**What the task requires:** Could you transcribe all of the data exactly and skip any pictures?

**Collected material:**

☆ ☆ ☆ ☆

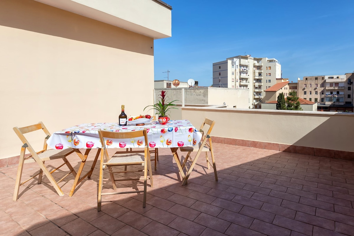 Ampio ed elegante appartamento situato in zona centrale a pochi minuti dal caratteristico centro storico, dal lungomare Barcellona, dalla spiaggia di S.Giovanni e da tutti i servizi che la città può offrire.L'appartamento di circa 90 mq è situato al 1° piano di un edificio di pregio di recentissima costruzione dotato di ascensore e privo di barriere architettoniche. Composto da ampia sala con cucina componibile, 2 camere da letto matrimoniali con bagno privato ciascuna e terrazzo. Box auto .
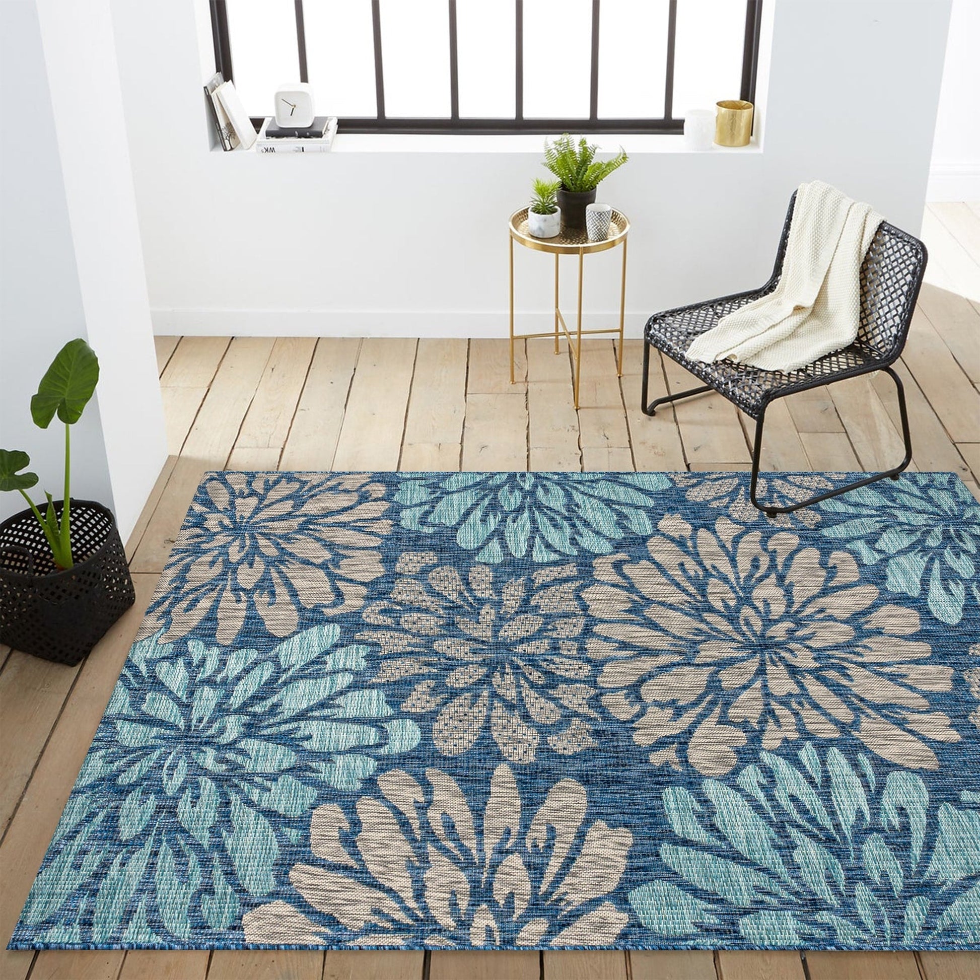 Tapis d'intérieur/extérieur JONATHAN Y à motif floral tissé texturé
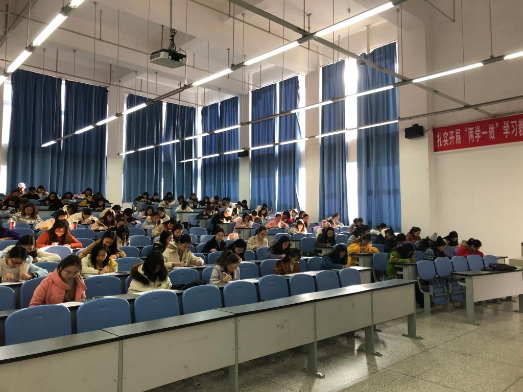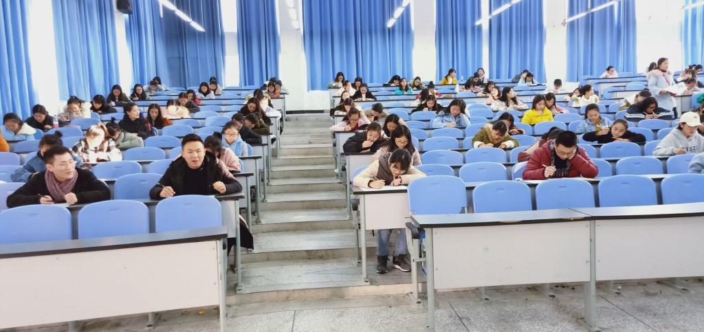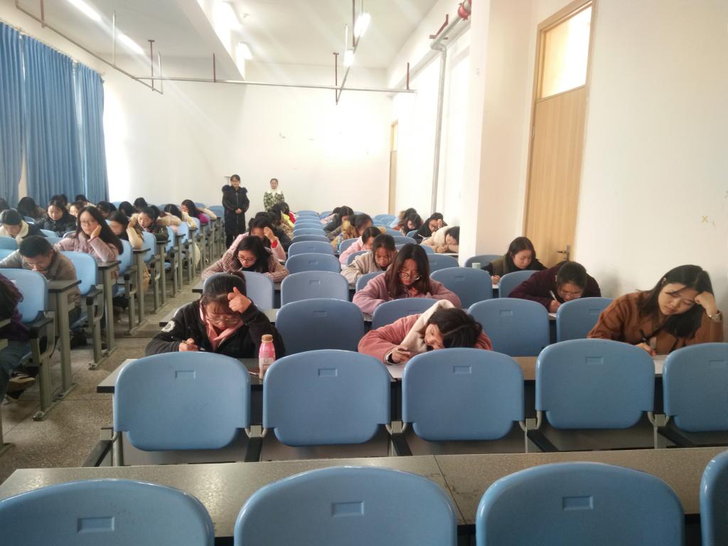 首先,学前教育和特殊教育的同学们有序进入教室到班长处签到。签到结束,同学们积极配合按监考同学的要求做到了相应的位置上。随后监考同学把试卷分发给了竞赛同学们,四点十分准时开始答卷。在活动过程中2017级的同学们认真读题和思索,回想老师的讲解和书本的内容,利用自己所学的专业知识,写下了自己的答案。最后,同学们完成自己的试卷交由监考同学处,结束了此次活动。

☆ ☆ ☆ ☆

**Solved exercise:**
 Ampio ed elegante appartamento situato in zona centrale a pochi minuti dal caratteristico centro storico, dal lungomare Barcellona, dalla spiaggia di S.Giovanni e da tutti i servizi che la città può offrire.L'appartamento di circa 90 mq è situato al 1° piano di un edificio di pregio di recentissima costruzione dotato di ascensore e privo di barriere architettoniche. Composto da ampia sala con cucina componibile, 2 camere da letto matrimoniali con bagno privato ciascuna e terrazzo. Box auto .
 Tapis d'intérieur/extérieur JONATHAN Y à motif floral tissé texturé
 首先,学前教育和特殊教育的同学们有序进入教室到班长处签到。签到结束,同学们积极配合按监考同学的要求做到了相应的位置上。随后监考同学把试卷分发给了竞赛同学们,四点十分准时开始答卷。在活动过程中2017级的同学们认真读题和思索,回想老师的讲解和书本的内容,利用自己所学的专业知识,写下了自己的答案。最后,同学们完成自己的试卷交由监考同学处,结束了此次活动。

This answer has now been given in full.